Dataset items:
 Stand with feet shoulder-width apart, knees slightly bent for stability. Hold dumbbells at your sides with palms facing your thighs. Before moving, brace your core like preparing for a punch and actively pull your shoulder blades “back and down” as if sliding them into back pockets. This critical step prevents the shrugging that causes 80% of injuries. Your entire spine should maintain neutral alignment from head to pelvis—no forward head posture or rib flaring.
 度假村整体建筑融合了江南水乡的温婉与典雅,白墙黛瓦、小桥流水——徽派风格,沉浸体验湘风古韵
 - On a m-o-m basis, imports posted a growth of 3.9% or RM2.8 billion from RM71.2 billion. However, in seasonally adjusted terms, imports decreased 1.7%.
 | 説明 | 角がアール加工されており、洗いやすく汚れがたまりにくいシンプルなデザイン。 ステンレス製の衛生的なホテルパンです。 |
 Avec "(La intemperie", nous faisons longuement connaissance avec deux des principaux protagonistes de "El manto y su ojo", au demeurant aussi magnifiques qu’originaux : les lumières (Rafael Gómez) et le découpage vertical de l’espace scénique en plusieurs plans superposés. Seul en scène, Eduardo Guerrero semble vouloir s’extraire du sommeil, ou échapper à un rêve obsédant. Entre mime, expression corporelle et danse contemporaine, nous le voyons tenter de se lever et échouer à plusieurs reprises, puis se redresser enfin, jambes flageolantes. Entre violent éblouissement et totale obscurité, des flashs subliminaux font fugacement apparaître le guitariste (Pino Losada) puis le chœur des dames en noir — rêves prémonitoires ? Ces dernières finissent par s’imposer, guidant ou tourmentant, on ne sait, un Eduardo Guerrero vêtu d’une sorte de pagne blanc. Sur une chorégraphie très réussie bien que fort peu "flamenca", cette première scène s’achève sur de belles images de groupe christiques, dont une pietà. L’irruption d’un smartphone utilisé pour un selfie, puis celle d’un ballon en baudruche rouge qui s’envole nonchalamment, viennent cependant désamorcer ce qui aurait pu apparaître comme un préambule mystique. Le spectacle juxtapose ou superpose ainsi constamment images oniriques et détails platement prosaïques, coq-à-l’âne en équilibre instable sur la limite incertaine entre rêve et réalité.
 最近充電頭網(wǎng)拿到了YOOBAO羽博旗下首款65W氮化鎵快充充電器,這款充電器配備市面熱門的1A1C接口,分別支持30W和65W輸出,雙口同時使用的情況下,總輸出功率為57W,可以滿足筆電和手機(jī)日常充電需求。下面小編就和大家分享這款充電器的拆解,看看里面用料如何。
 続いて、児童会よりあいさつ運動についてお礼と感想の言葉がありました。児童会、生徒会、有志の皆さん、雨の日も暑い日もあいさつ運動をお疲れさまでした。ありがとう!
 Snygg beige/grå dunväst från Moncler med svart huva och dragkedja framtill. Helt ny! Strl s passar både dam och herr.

> GOAL OF THE EXERCISE
Your answer should be the lines above, from the line containing "度假村整体建筑融合了江南水乡" up to and including the line containing "角がアール加工されており、洗いやすく汚れがたまりにくいシンプルなデザイン。 ステンレス製の衛生的なホテルパンです。 |", reproduced exactly and with nothing else.

> ANSWER BOX
 度假村整体建筑融合了江南水乡的温婉与典雅,白墙黛瓦、小桥流水——徽派风格,沉浸体验湘风古韵
 - On a m-o-m basis, imports posted a growth of 3.9% or RM2.8 billion from RM71.2 billion. However, in seasonally adjusted terms, imports decreased 1.7%.
 | 説明 | 角がアール加工されており、洗いやすく汚れがたまりにくいシンプルなデザイン。 ステンレス製の衛生的なホテルパンです。 |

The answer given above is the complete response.